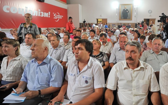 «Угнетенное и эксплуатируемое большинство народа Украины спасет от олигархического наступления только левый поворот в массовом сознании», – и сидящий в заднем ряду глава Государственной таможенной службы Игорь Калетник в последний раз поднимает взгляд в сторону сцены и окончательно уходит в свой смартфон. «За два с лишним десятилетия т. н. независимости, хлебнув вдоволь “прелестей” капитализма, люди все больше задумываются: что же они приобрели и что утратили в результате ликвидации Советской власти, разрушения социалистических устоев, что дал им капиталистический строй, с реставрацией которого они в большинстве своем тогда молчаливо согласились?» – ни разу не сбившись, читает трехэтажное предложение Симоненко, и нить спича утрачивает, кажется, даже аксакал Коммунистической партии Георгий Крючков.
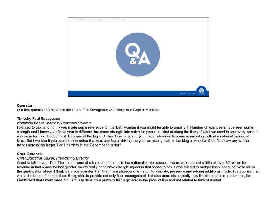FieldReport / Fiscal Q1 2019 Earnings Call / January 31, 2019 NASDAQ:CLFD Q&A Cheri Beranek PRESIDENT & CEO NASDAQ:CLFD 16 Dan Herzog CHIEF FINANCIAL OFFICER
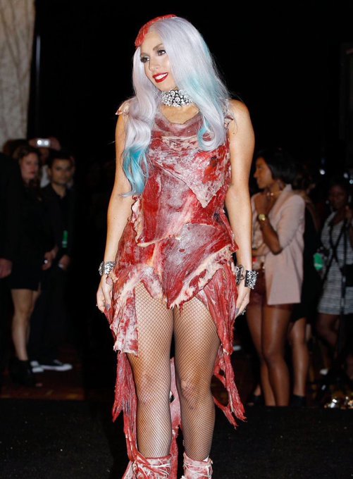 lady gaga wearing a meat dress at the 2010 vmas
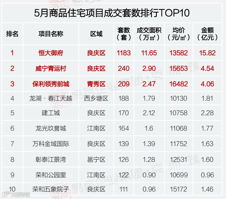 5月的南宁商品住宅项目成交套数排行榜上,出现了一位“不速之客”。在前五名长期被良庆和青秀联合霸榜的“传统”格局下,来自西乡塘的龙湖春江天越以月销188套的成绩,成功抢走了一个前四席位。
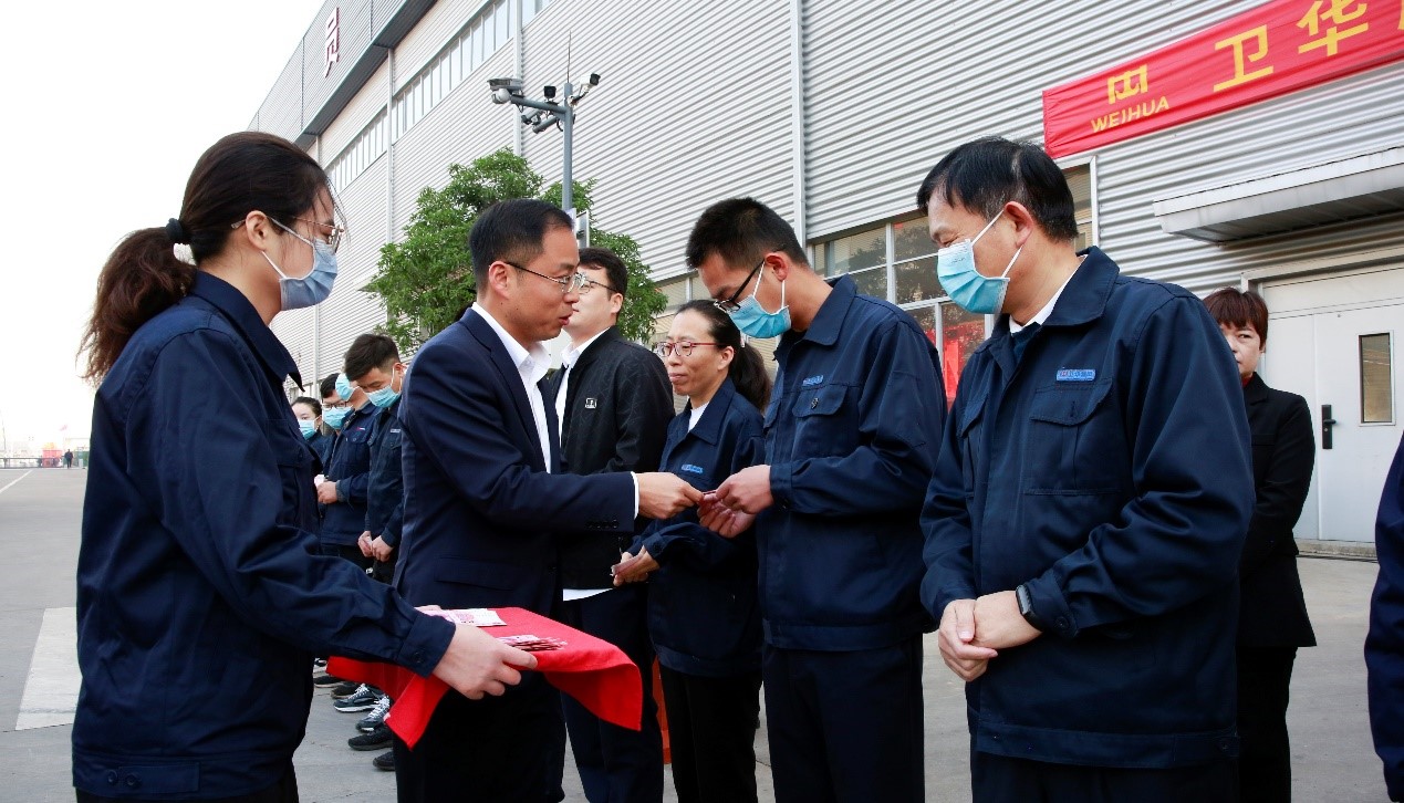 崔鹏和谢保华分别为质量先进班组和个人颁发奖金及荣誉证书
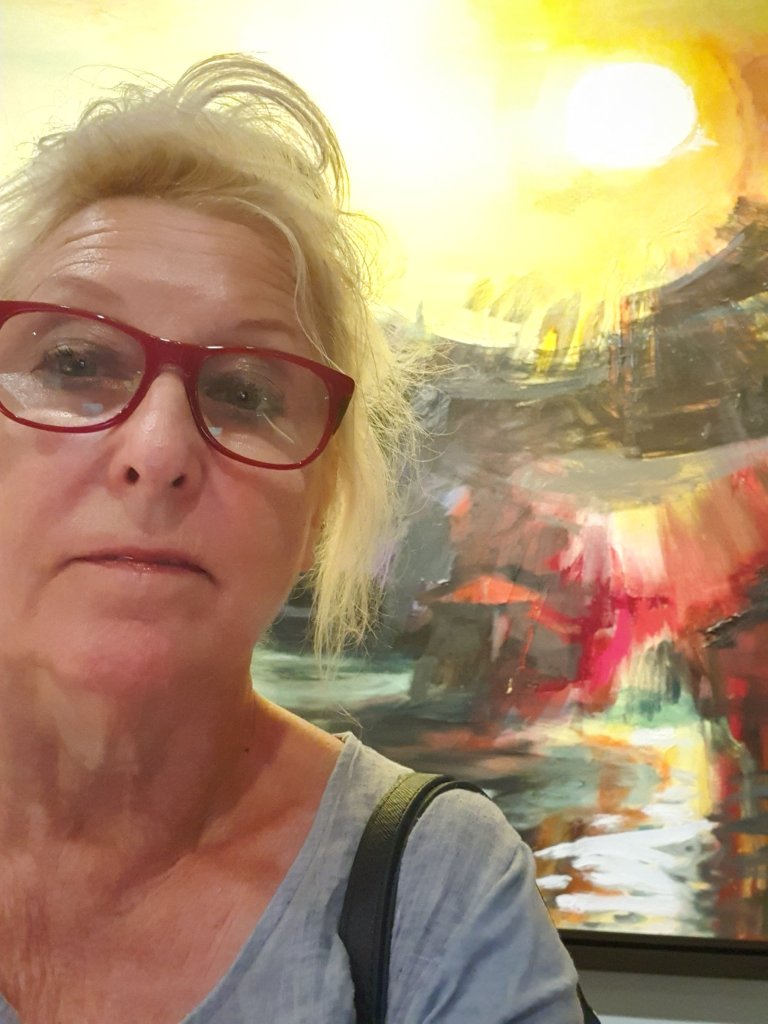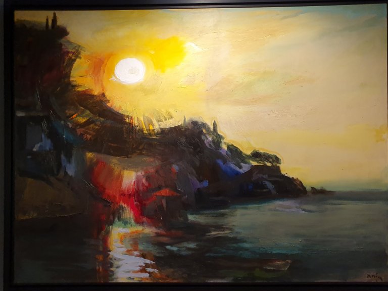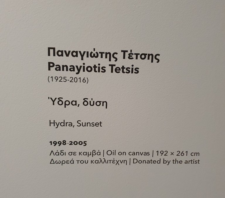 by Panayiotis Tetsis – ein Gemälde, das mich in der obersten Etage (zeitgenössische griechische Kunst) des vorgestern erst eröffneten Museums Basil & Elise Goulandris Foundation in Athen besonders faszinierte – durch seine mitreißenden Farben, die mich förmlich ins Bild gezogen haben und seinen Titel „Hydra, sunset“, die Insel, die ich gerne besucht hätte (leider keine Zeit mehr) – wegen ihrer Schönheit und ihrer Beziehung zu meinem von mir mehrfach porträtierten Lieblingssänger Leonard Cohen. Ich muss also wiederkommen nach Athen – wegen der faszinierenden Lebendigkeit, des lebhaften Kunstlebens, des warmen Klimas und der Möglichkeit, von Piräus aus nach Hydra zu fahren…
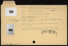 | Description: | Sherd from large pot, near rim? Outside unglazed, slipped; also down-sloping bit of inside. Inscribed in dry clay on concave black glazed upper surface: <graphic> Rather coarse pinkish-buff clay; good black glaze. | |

· · · · · · ·

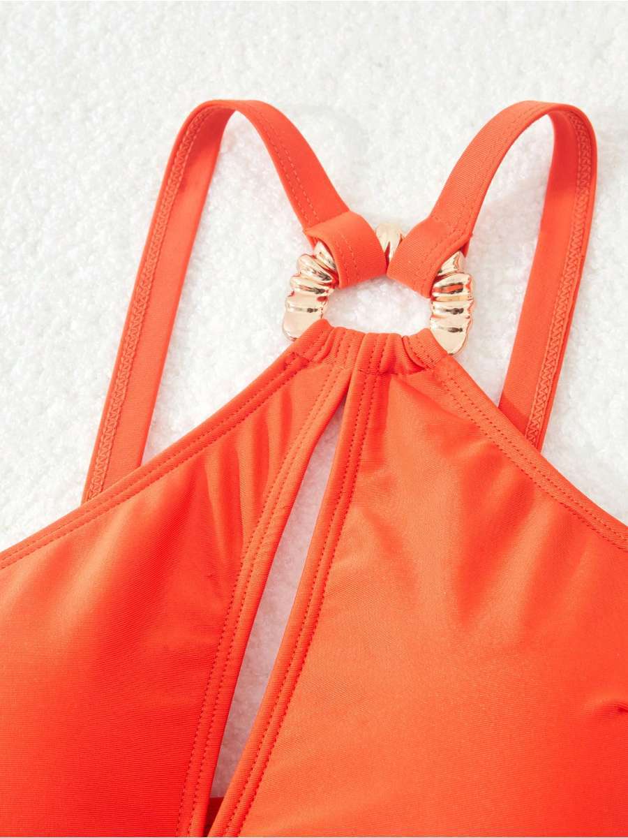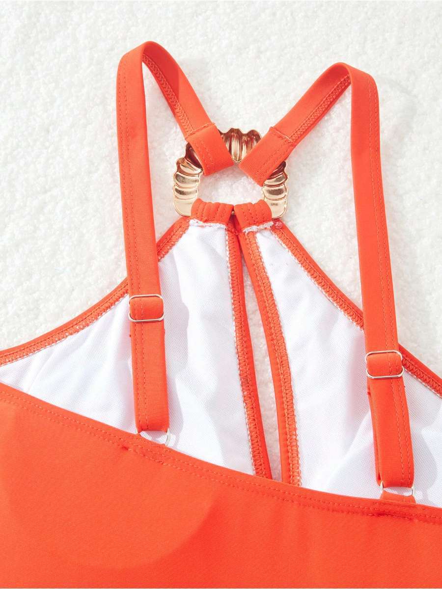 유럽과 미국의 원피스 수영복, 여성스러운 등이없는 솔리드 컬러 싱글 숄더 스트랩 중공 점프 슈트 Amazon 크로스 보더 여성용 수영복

· · · · · · ·

Take the entries above and copy exactly the lines starting at the one with "партии Георгий Крючков." and ending at the one with "崔鹏和谢保华分别为质量先进班组和个人颁发奖金及荣誉证书"; nothing outside that span, and no pictures.

- The answer -
 «Угнетенное и эксплуатируемое большинство народа Украины спасет от олигархического наступления только левый поворот в массовом сознании», – и сидящий в заднем ряду глава Государственной таможенной службы Игорь Калетник в последний раз поднимает взгляд в сторону сцены и окончательно уходит в свой смартфон. «За два с лишним десятилетия т. н. независимости, хлебнув вдоволь “прелестей” капитализма, люди все больше задумываются: что же они приобрели и что утратили в результате ликвидации Советской власти, разрушения социалистических устоев, что дал им капиталистический строй, с реставрацией которого они в большинстве своем тогда молчаливо согласились?» – ни разу не сбившись, читает трехэтажное предложение Симоненко, и нить спича утрачивает, кажется, даже аксакал Коммунистической партии Георгий Крючков.
FieldReport / Fiscal Q1 2019 Earnings Call / January 31, 2019 NASDAQ:CLFD Q&A Cheri Beranek PRESIDENT & CEO NASDAQ:CLFD 16 Dan Herzog CHIEF FINANCIAL OFFICER
 lady gaga wearing a meat dress at the 2010 vmas
 5月的南宁商品住宅项目成交套数排行榜上,出现了一位“不速之客”。在前五名长期被良庆和青秀联合霸榜的“传统”格局下,来自西乡塘的龙湖春江天越以月销188套的成绩,成功抢走了一个前四席位。
 崔鹏和谢保华分别为质量先进班组和个人颁发奖金及荣誉证书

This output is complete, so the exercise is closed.